Sinkhole repair to be mandatory in Florida?

By Mike Vasilinda, Reporter, Capitol News Service
Published On: Apr 03 2014 04:58:59 PM EDT
Dunedin sinkhole

WFTS

TALLAHASSEE, Fla. -

Too many homeowners are taking the money and running after settling a claim for sinkhole damage with the state-run Citizens Insurance. But the checks for damage may soon no longer be in the mail.

For every dollar Citizens Insurance takes in for sinkhole coverage, it pays out $4 in damage claims. Even then, many homes are left un-repaired, sold and sold again to unsuspecting buyers.

But not for much longer if state Rep. Jake Rayburn gets his way.

"We're going to fix the sinkhole, and not be left in a situation where potentially someone could get a check and then walk away from the home," said Rayburn, R-Hillsborough.

New Port Richey real estate agent Greg Armstrong said whole neighborhoods suffer when damage isn't fixed.

"Today I see so many homes that are un-repaired; It's driving our property values down," said Armstrong. "We're also significantly hurting people."

The legislation allows Citizens to get homeowners a list of approved contractors. They'll have 90 days to pick one but they won't see a check, as it will go right to the contractor.

Suzanne Winfield told lawmakers she didn't know what to do when she had sinkhole damage. Her friends suggested a public adjuster.

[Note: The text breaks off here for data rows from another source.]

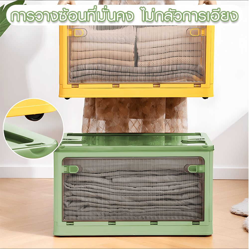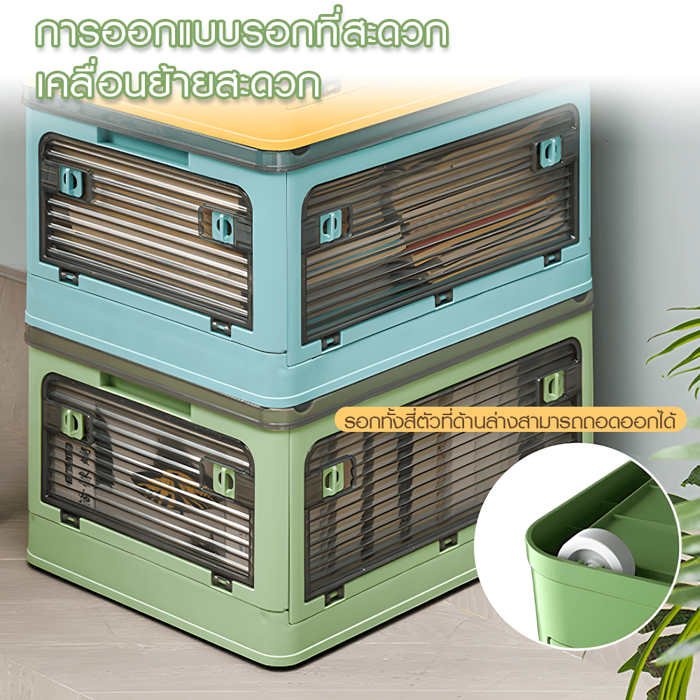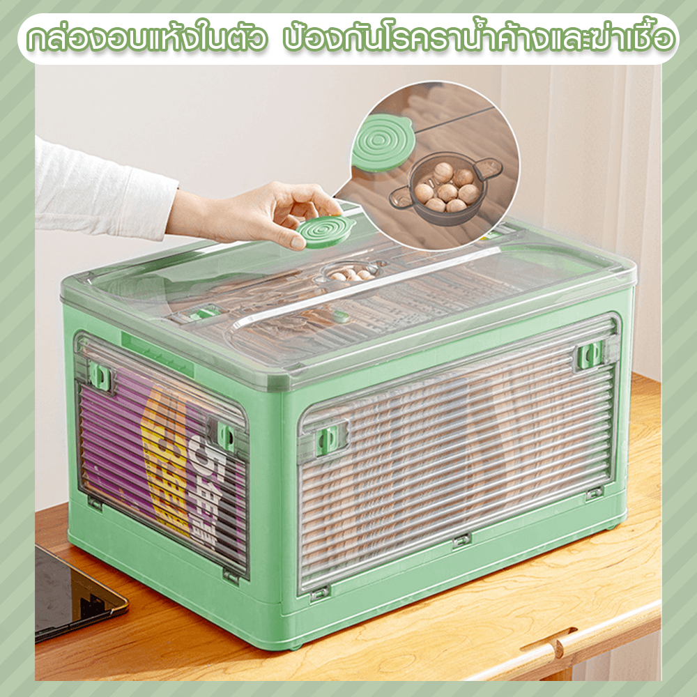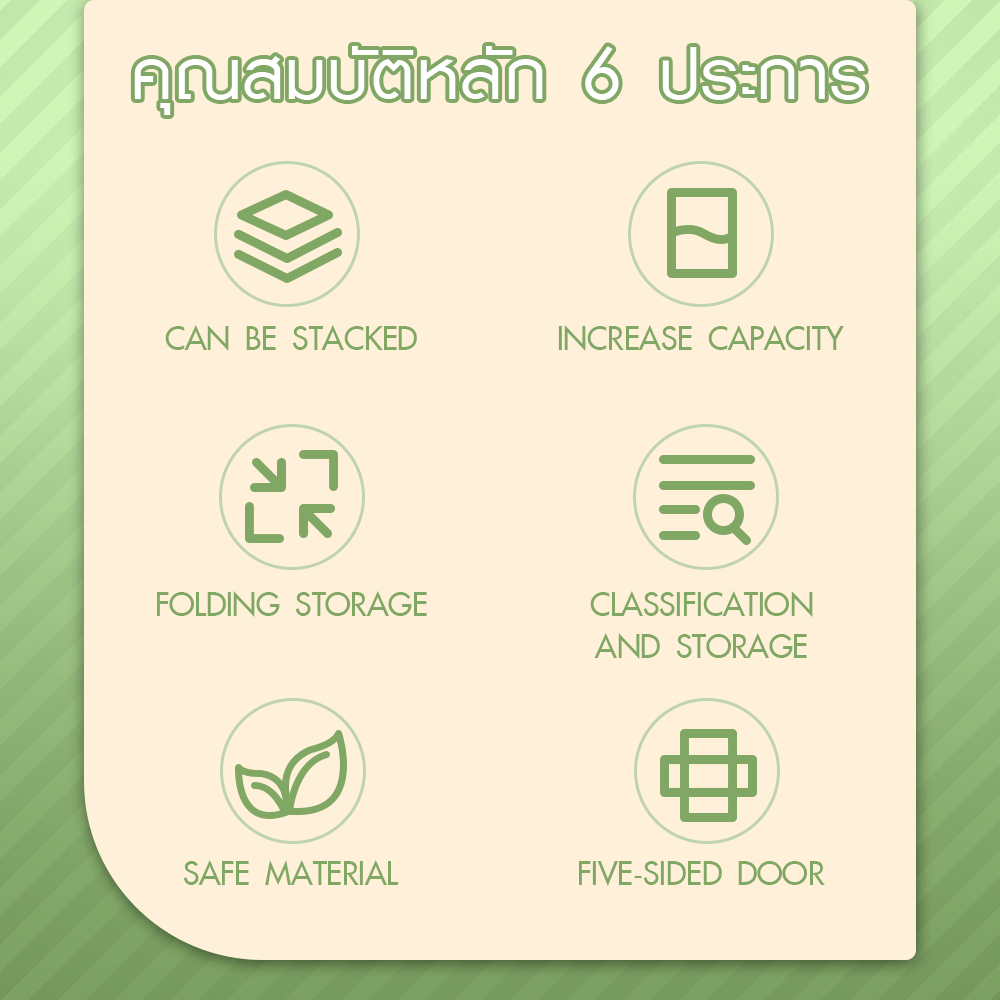 กล่องมีลักษณะเป็นทรงสี่เหลี่ยม ทำจากพลาสติก PP สีเขียว ผิวอาจเป็นแบบเรียบหรือมีลวดลายเล็กน้อย ด้านหน้ามีบานเปิดพลาสติกใสที่มักจะมีซิปหรือตัวล็อกสำหรับเปิด-ปิด ด้านบนก็มีฝาเปิดพร้อมซิปเช่นกัน ภายในเมื่อกางออกจะเห็นโครงเหล็กที่ช่วยค้ำยันให้กล่องคงรูป และมีหูหิ้วผ้าที่ด้านข้าง
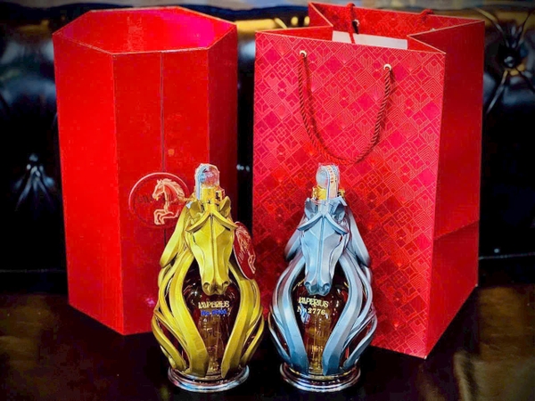 Các mẫu này thường được thiết kế tinh xảo, mang ý nghĩa phong thủy tốt lành và thường là rượu ngoại nhập khẩu như Brandy XO hoặc Cognac.
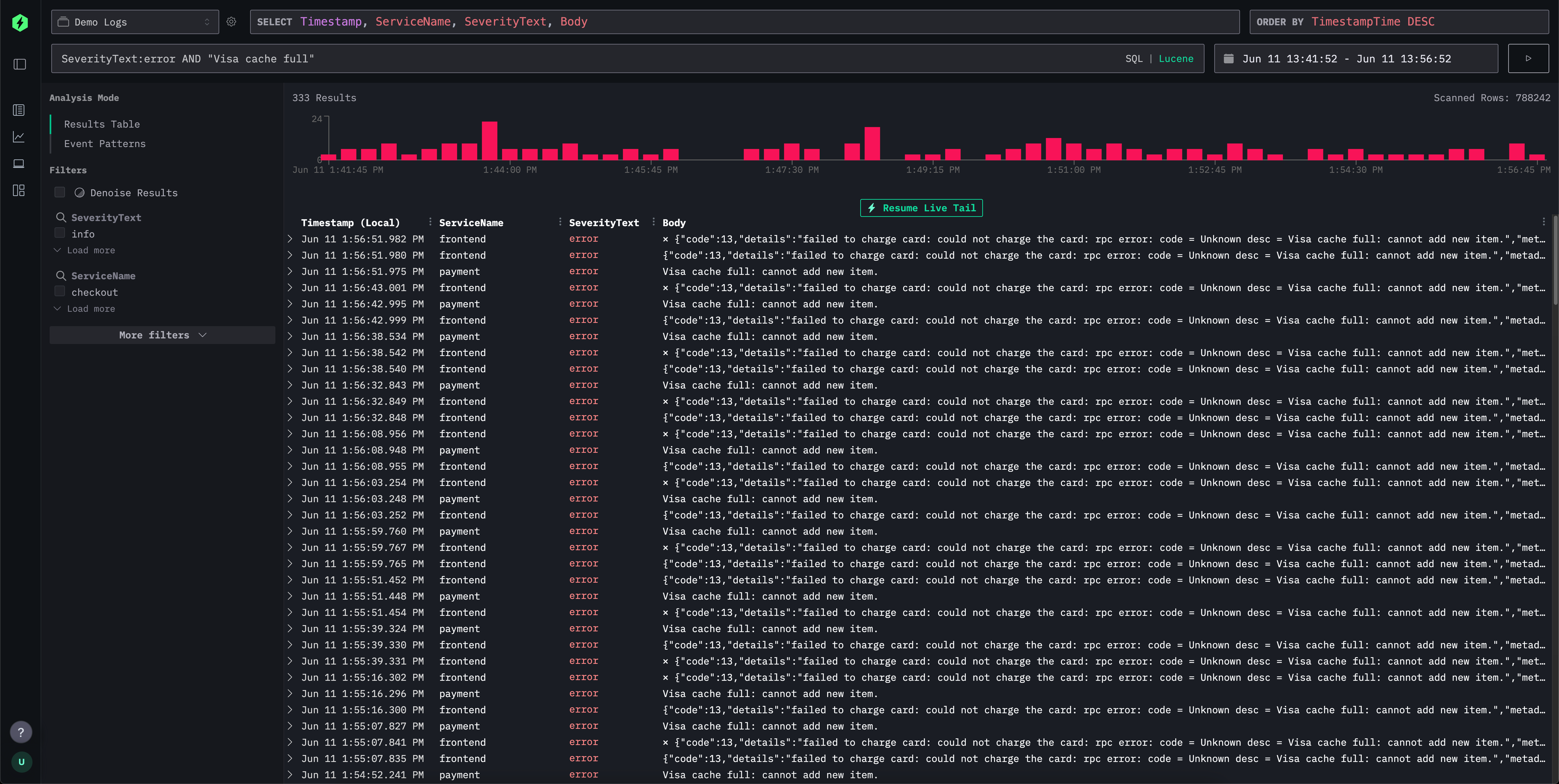 HyperDX's search interface supports this familiar syntax but translates it behind the scenes into efficient SQL WHERE clauses, making the experience familiar for Kibana users while still allowing users to leverage the power of SQL when needed. This allows users to exploit the full range of string search functions, similarity functions and date time functions in ClickHouse.

By the time the fees and expenses were paid, her $160,000 settlement was down to just $70,000.

"Not enough to put anything under the ground to stabilize it, barely enough to do the cosmetic repairs," said Winfield.

Everyone agrees the legislation won't change the 4-1 loss ratio for Citizens, but the insurer of last resort said at least damage will get fixed.

"We tried to write checks. It didn't work," said Christine Ashburn, of Citizens Insurance. "Homes weren't getting repaired. We want to fix homes."

The change would apply to claims filed after July 1.

The legislation also allows policyholders to buy lower deductible policies. Right now only a 10 percent deductible is offered. If the legislation becomes law, 2 percent and 5 percent deductibles would also be offered.